>>>>>
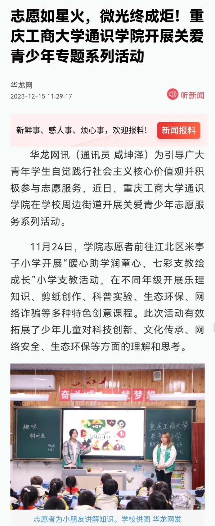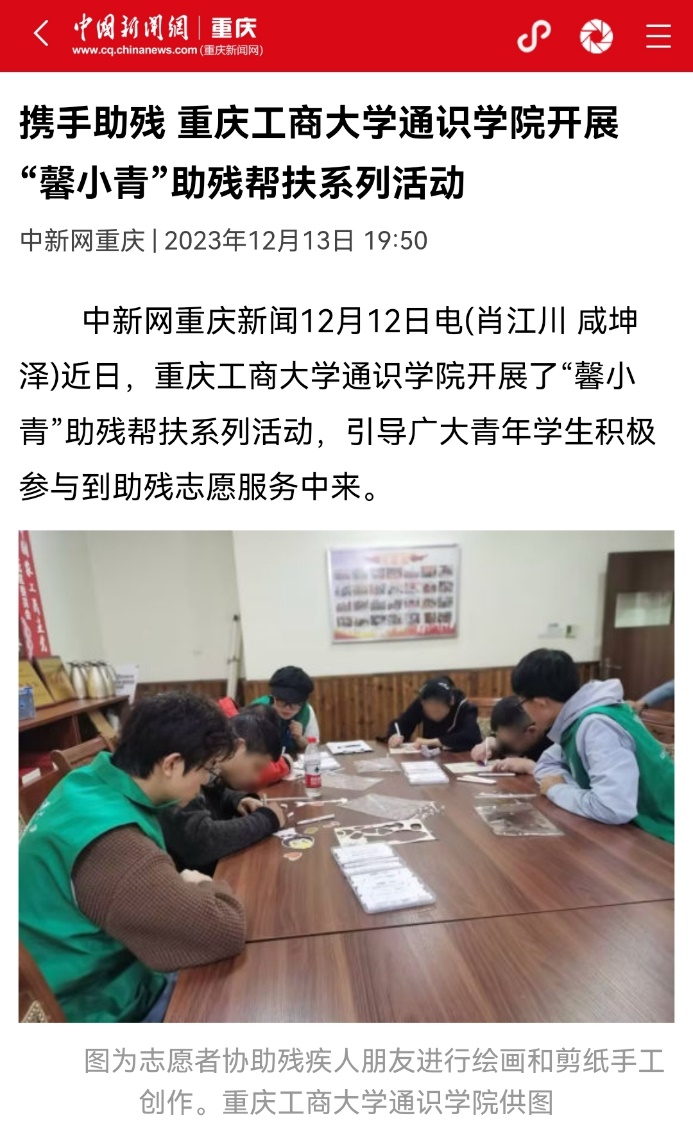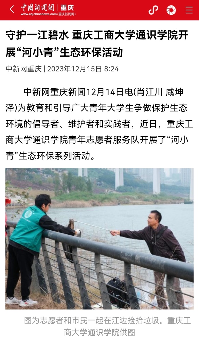 近日,中国新闻网以《守护一江碧水 华体会体育·(sports)官方网站通识学院开展“河小青”生态环保活动》《携手助残 华体会体育·(sports)官方网站通识学院开展“馨小青”助残帮扶系列活动》为题,报道我校通识学院开展生态环保及助残志愿服务活动;华龙网以《志愿如星火,微光终成炬!华体会体育·(sports)官方网站通识学院开展关爱青少年专题系列活动》为题,报道我校通识学院开展关爱青少年志愿服务活动。
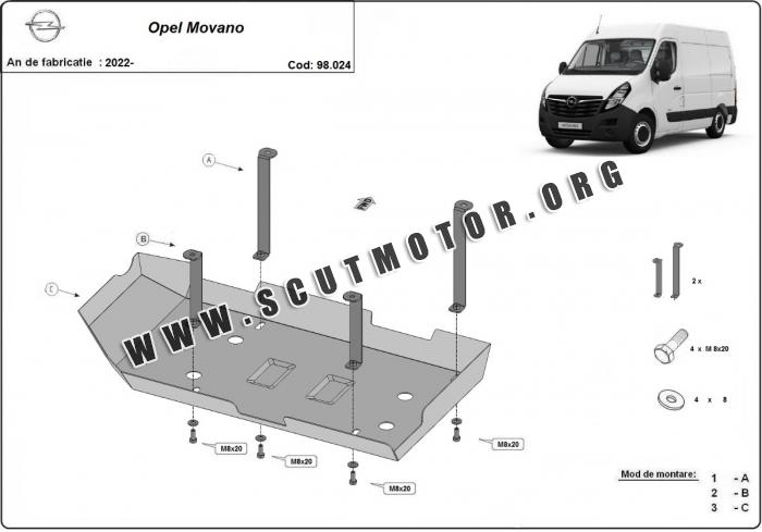 Scutul este nouă și se potrivește perfect pentru toate tipurile de motorizare Opel Movano fabricat între ani 2022 - 2026.
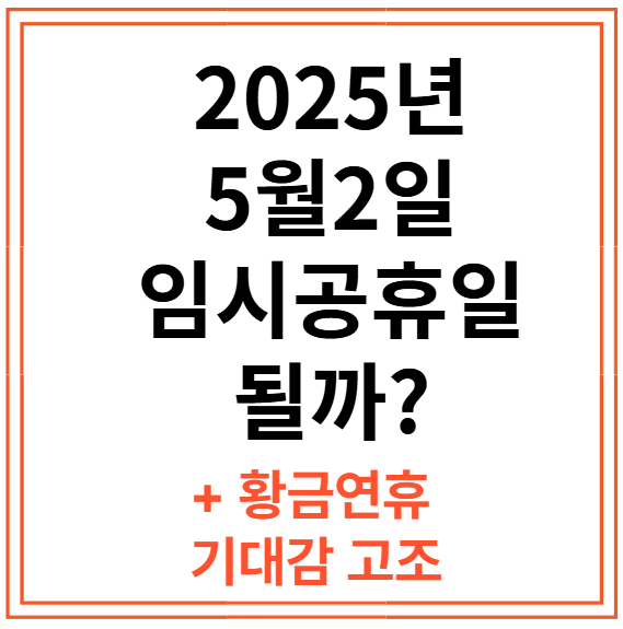 현재까지 정부는 5월 2일을 임시공휴일로 지정하겠다는 공식 발표를 하지 않았습니다. 그러나 과거에도 명절이나 기념일 사이에 임시공휴일을 지정한 사례가 있어, 향후 정부의 결정에 따라 변화가 있을 수 있습니다.
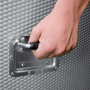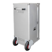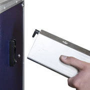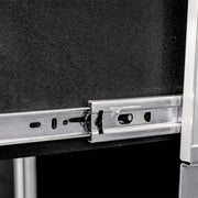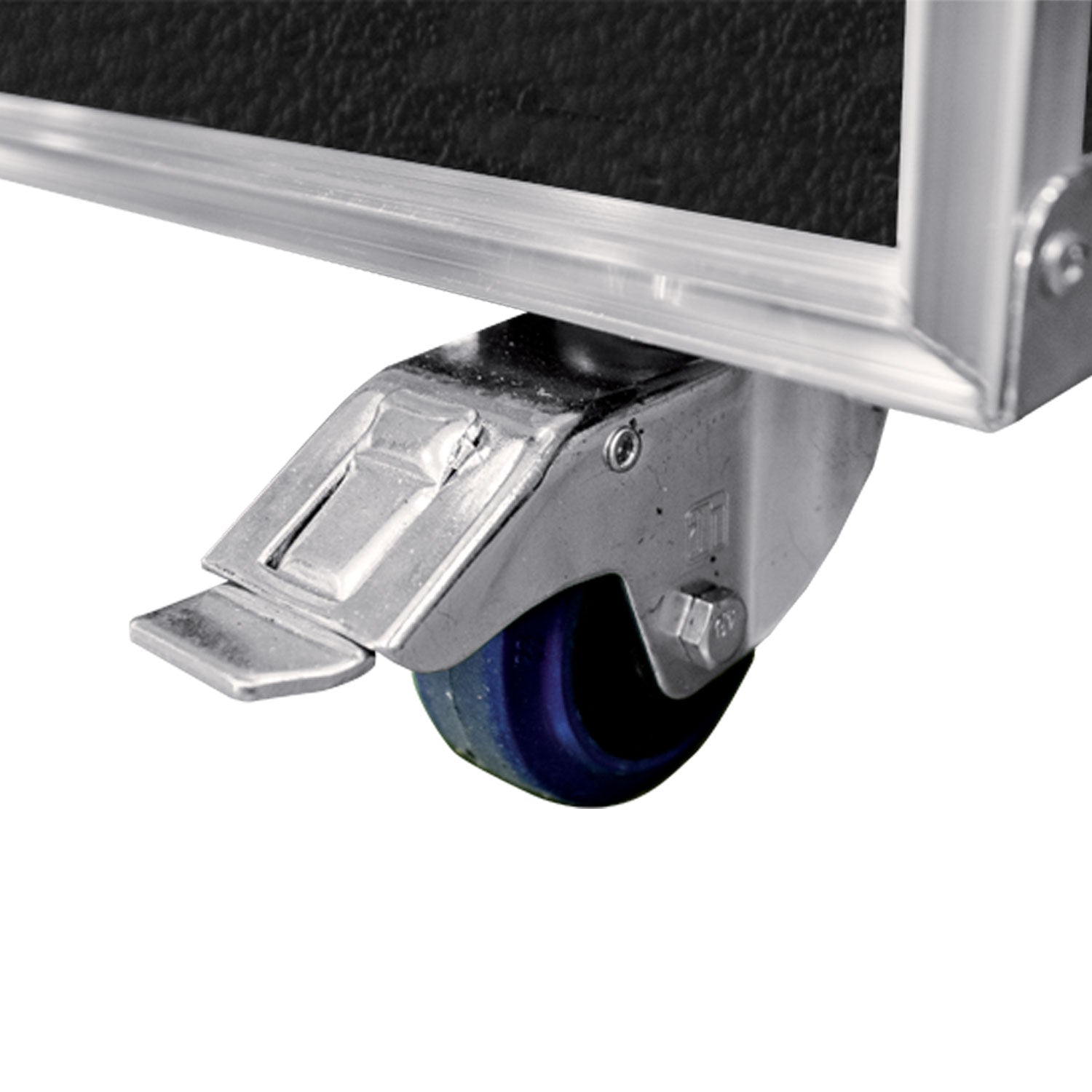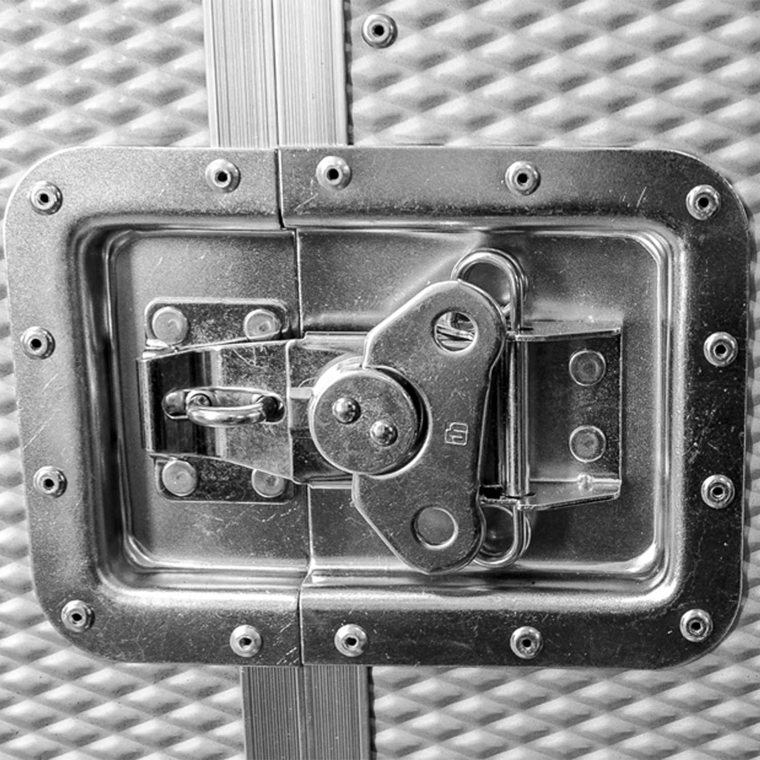 Profili e accessori: bordature in alluminio; apertura anteriore; profilo angolare in alluminio con spalla da mm 25 anodizzato; profilo ermetico a doppia gola in alluminio anodizzato; n°6 cantonali; n°2 serrature a farfalla ad incasso con predisposizione per il lucchetto; n°1 maniglia di presa ad incasso ai fianchi; n°1 maniglione di presa sul dietro; n°2 ruote pneumatiche montate ad incasso su vasca; n°3 ruote girevoli dim
<<<<<
#### [Exercise objective]
Nothing but the listing, copied exactly and stripped of its images, should appear in the response.

#### [Task solution]
 近日,中国新闻网以《守护一江碧水 华体会体育·(sports)官方网站通识学院开展“河小青”生态环保活动》《携手助残 华体会体育·(sports)官方网站通识学院开展“馨小青”助残帮扶系列活动》为题,报道我校通识学院开展生态环保及助残志愿服务活动;华龙网以《志愿如星火,微光终成炬!华体会体育·(sports)官方网站通识学院开展关爱青少年专题系列活动》为题,报道我校通识学院开展关爱青少年志愿服务活动。
 Scutul este nouă și se potrivește perfect pentru toate tipurile de motorizare Opel Movano fabricat între ani 2022 - 2026.
 현재까지 정부는 5월 2일을 임시공휴일로 지정하겠다는 공식 발표를 하지 않았습니다. 그러나 과거에도 명절이나 기념일 사이에 임시공휴일을 지정한 사례가 있어, 향후 정부의 결정에 따라 변화가 있을 수 있습니다.
 Profili e accessori: bordature in alluminio; apertura anteriore; profilo angolare in alluminio con spalla da mm 25 anodizzato; profilo ermetico a doppia gola in alluminio anodizzato; n°6 cantonali; n°2 serrature a farfalla ad incasso con predisposizione per il lucchetto; n°1 maniglia di presa ad incasso ai fianchi; n°1 maniglione di presa sul dietro; n°2 ruote pneumatiche montate ad incasso su vasca; n°3 ruote girevoli dim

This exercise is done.